症状が改善したように見えても、体へのダメージが残っていることがあり、熱中症の回復を自己判断するのは困難です。不安な場合は、症状が軽くても一度医療機関を受診することをお勧めします。救急安心センター「#7119」では、救急車を呼ぶべきか迷った際の相談も受け付けているため、判断に困った場合は積極的に活用しましょう。
5. 回復後の注意点と再発防止
熱中症から回復した翌日は、ふらつきや食欲低下、吐き気などの症状がないことを確認してから通常の活動に戻ります。健康な時の体調で、いつもと同じように食事や水分補給ができるかが判断基準となります。翌日になってもだるさや食欲不振が改善しない場合は医療機関を受診しましょう。
回復後は、熱中症を起こした環境や行動を見直し、同じ状況を避けるための対策を講じることが重要です。水分・塩分補給の方法、休憩の取り方、室内環境の調整、食事内容、睡眠環境など、予防策を再度確認し実践しましょう。重篤な熱中症では後遺症が残る可能性があり、軽症でも稀に長期間の倦怠感やめまい、頭痛が継続する場合があります。

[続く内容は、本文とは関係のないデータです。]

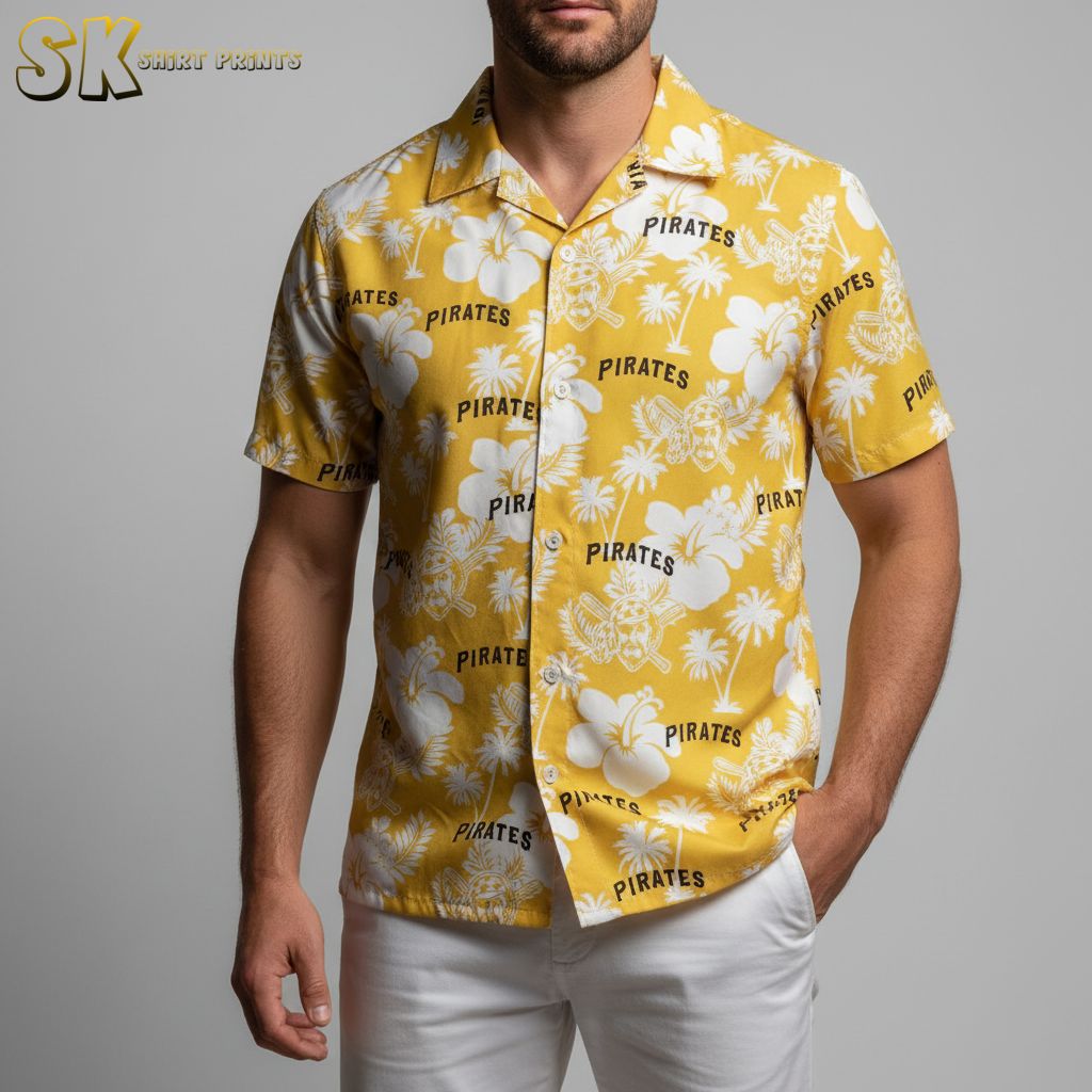 Pittsburgh Pirates Hawaiian Shirt - Tropical Hibiscus & Palm Tree Print with Pirates Logo

後遺症を防ぐためにも、予防対策の徹底と早期対応が不可欠です。
まとめ
熱中症は命に関わる深刻な疾患ですが、正しい知識と適切な対策により十分に予防できる疾患でもあります。特に高齢者や子ども、基礎疾患をお持ちの方は注意が必要ですが、健康な方でも油断は禁物です。
予防の基本は、こまめな水分・塩分補給、暑熱順化による体づくり、環境の工夫と適切な服装、体調管理と生活習慣の改善、そして周囲への気配りです。万が一熱中症の症状が現れた場合は、迅速な環境改善、効果的な冷却、適切な水分補給、継続的な観察を行い、必要に応じて医療機関に相談することが重要です。
また、症状が改善しても自己判断は避け、回復後の注意点を守ることで再発を防ぐことができます。特に意識障害がある場合は緊急事態であることを認識し、迷わず救急車を要請してください。